Developed by Facebook's AI Research (FAIR) lab, FastText extends Word2Vec by taking sub word information into account.

- **Method**: Represents words as bags of character n-grams. For example, the word "where" could be represented by character trigrams like "whe", "her", "ere".
- **Training**: Similar to Word2Vec, but the model predicts the target word using the sum of its subword n-gram vectors.
- **Advantages**: Handles out-of-vocabulary words better, captures morphological information.

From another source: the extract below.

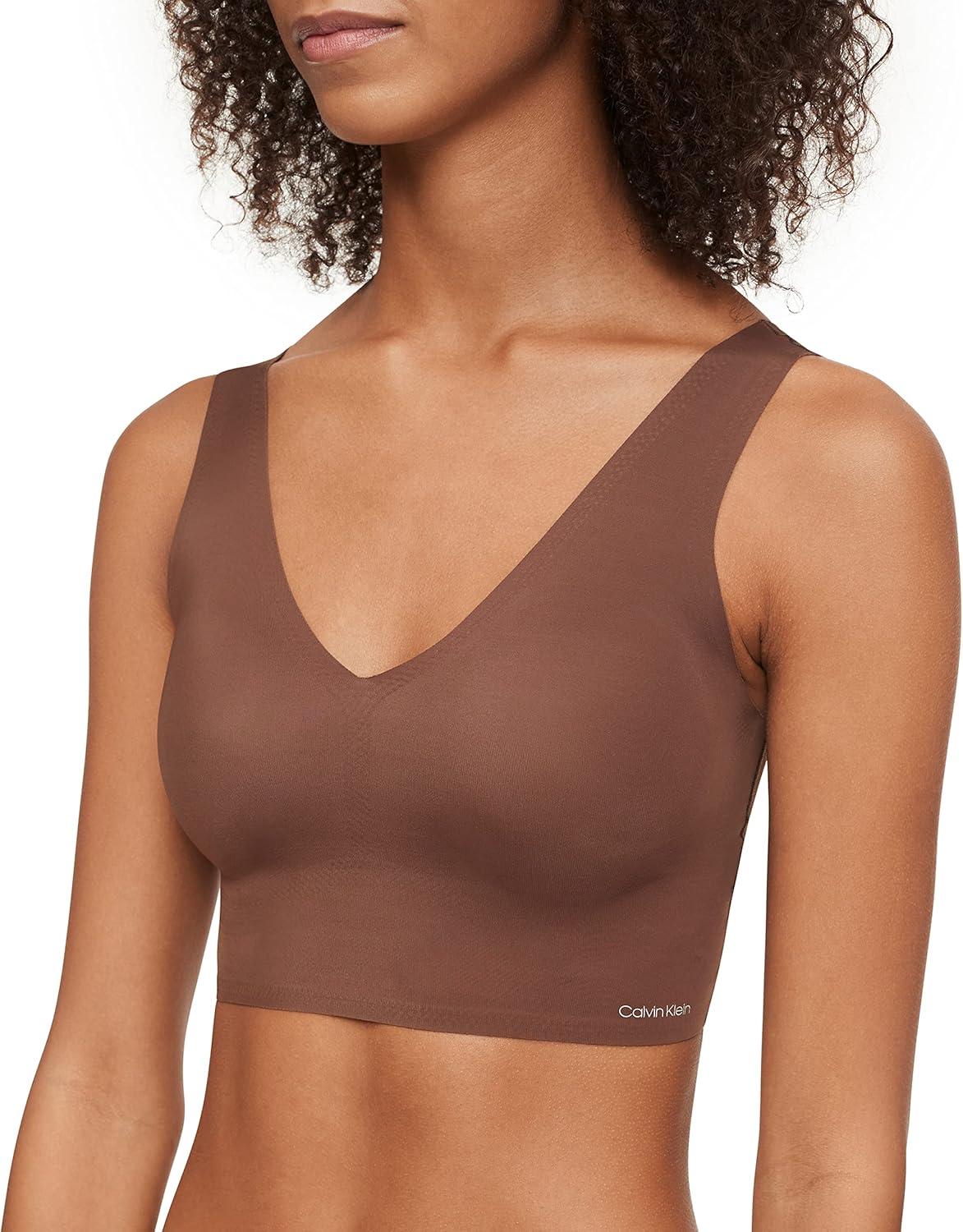 Calvin Klein Women’s Invisibles Comfort Seamless Lightly Lined V Neck Bralette Bra(Chestnut)

## 3. Contextualized word embeddings

- Contextualized word embeddings represent a significant advancement in NLP, enabling models to understand and generate language with greater nuance and accuracy
- By taking context into account, these embeddings provide more meaningful word representations, leading to superior performance across a wide range of NLP tasks

### 1. **ELMo (Embeddings from Language Models)**

**Developed by**: Allen Institute for AI

**Architecture**: Deep bidirectional LSTM network

**Training Objective**: Language modeling, predicting the next word in a sequence

**Pros**:

- **Context-Sensitive**: Generates different embeddings for the same word based on its context.
- **Pre-trained on Large Corpus**: Can be fine-tuned for various NLP tasks, improving performance.

**Cons**:

- **Computationally Intensive**: Requires significant computational resources for training and inference.
- **Complexity**: More complex to implement and fine-tune compared to static embeddings.

### 2. **BERT (Bidirectional Encoder Representations from Transformers)**

**Developed by**: Google AI

**Architecture**: Transformer-based model

**Training Objective**: Masked Language Modeling (MLM) and Next Sentence Prediction (NSP)

**Pros**:

- **Bidirectional Context**: Considers both left and right context, providing rich embeddings.
- **State-of-the-Art Performance**: Excels in various NLP benchmarks and tasks.

**Cons**:

- **Resource-Intensive**: Requires substantial memory and processing power.
- **Training Time**: Long training times due to the complexity of the model and the amount of data required.

### 3. **GPT (Generative Pretrained Transformer)**

**Developed by**: OpenAI

**Architecture**: Transformer decoder

**Training Objective**: Language modeling, predicting the next word in a sequence

**Pros**:

- **Strong Performance in Text Generation**: Excels at generating coherent and contextually appropriate text.
- **Unidirectional Context**: Effective for tasks where left-to-right context is crucial.

**Cons**:

- **Unidirectional Limitation**: Does not consider right-to-left context, which can be a limitation for some tasks.
- **High Computational Demand**: Similar to BERT, requires significant computational resources.

### 4. **T5 (Text-To-Text Transfer Transformer)**

**Developed by**: Google Research

**Architecture**: Transformer architecture

**Training Objective**: Converts all NLP tasks into a text-to-text format

**Pros**:

- **Versatility**: Can handle a wide range of NLP tasks with a unified approach.
- **Strong Performance**: Achieves excellent results across multiple benchmarks.

**Cons**:

- **Resource-Intensive**: High computational requirements for training and inference.
- **Complexity**: Implementing and fine-tuning can be challenging due to the model's flexibility and size.